Кроме отмеченного выше различения наших чувств по источникам их возникновения — физиологические потребности, психические взаимоотношения и духовные склонности — приведем еще одно различение, различение по степени, так сказать, ясности и определенности чувств. Дело в том, что самый беглый взгляд на человеческие чувства дает основание предположить, что чем древнее, чем «физиологичнее» чувство, тем оно определеннее указывает, во-первых, на ту потребность, которая его породила, а, во-вторых, на то, что нужно предпринять, чтобы его удовлетворить; и наоборот, чем оно дальше от физиологии, чем «цивильнее», тем оно более неопределенно и более «размыто» в возможности своей идентификации по части породившей его потребности и по части способа его удовлетворения.
Так витальные чувства, связанные с инстинктом самосохранения и продолжения рода, достаточно определенны с точки зрения причины своего возникновения и способа удовлетворения. Нам не нужно гадать, какая потребность их вызвала и что нам нужно делать. Примерно то же самое можно сказать о таких достаточно древних чувствах как чувство страха, гнева, ненависти, мести и т. д. Здесь нам так же ясна и причина, и предмет нашего чувства, и цель наших действий.

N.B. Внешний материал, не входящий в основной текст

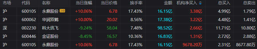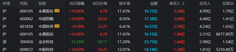 4月21日龙虎榜资金数据分析,龙虎榜资金净买入前五分别是永鼎股份、华润双鹤、中国科传、全志科技、中船科技,资金分别净买入3.20亿元、3.08亿元、2.59亿元、1.44亿元、1.28亿元,龙虎榜资金榜首是通信设备板块个股永鼎股份。
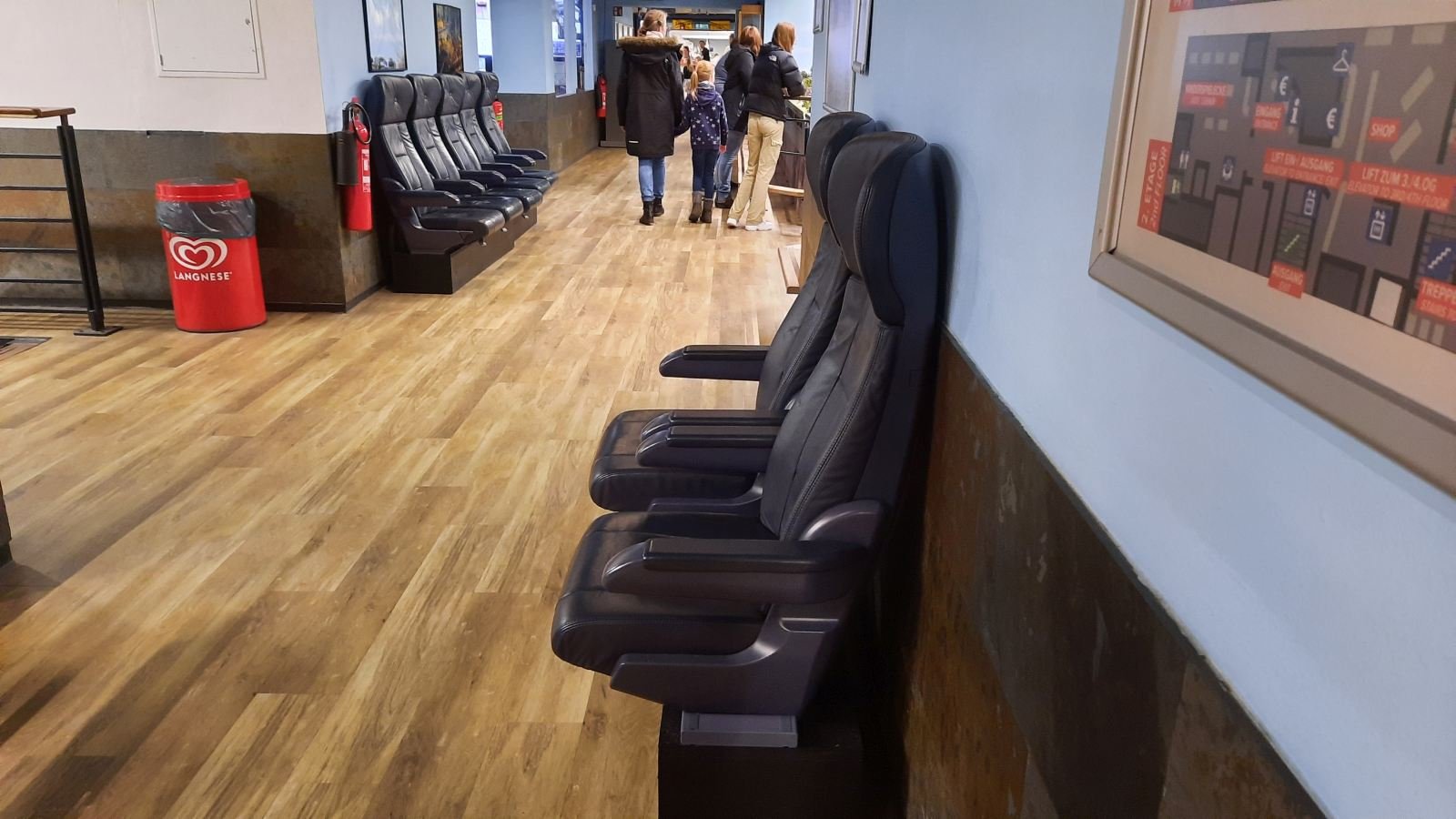 Die neuen Sitze in den Gängen sind wirklich praktisch, allerdings meistens besetzt (wofür sie ja da sind), und man muss über die Füße der Ruhenden steigen, was bei vollem Haus manchmal nicht ganz einfach ist:

Другое дело, когда нами овладевают чувства, которые мы не можем соотнести с какой-либо нашей потребностью. Не в этом ли заключается одна из причин, почему нам бывает так трудно разобраться в наших цивилизованных отношениях (и чувствах) с окружающими нас людьми. И не потому ли нас ставят в затруднение чувства, вызываемые в нас тем или иным произведением искусства. В данном случае задача чувства не столько в том, чтобы обратить наше внимание на что-то для нас достаточно важное и не столько в том, чтобы «выпалить» ту энергию, что накопила наша психика, сколько в том, чтобы подвигнуть наш интеллект к рефлексии с целью разгадать «потребность» чувства, а вместе с нею и нашу потребность. И разве не в этом причина зарождения разума?
Эмоция, чувство — в данной работе мы не будем их различать — это сигнал нашей потребности. У потребности нет какой-либо другой инстанции — кроме чувства, — через которую она могла бы побудить нас к мышлению и деятельности. Но потребность сама по себе (так же как и эмоция) «бессловесна» (безмолвна). Так что «языком» выражения потребности является чувство, как «языком» выражения чувства является мысль. Без эмоционального мышления, то есть мышления, которому бы не предшествовало и не сопутствовало чувство, в принципе быть не может, поскольку нет импульса (интенции) к мышлению, который бы побудил последнее сначала к концентрации внимания, а затем к функционированию мышления в определенном направлении.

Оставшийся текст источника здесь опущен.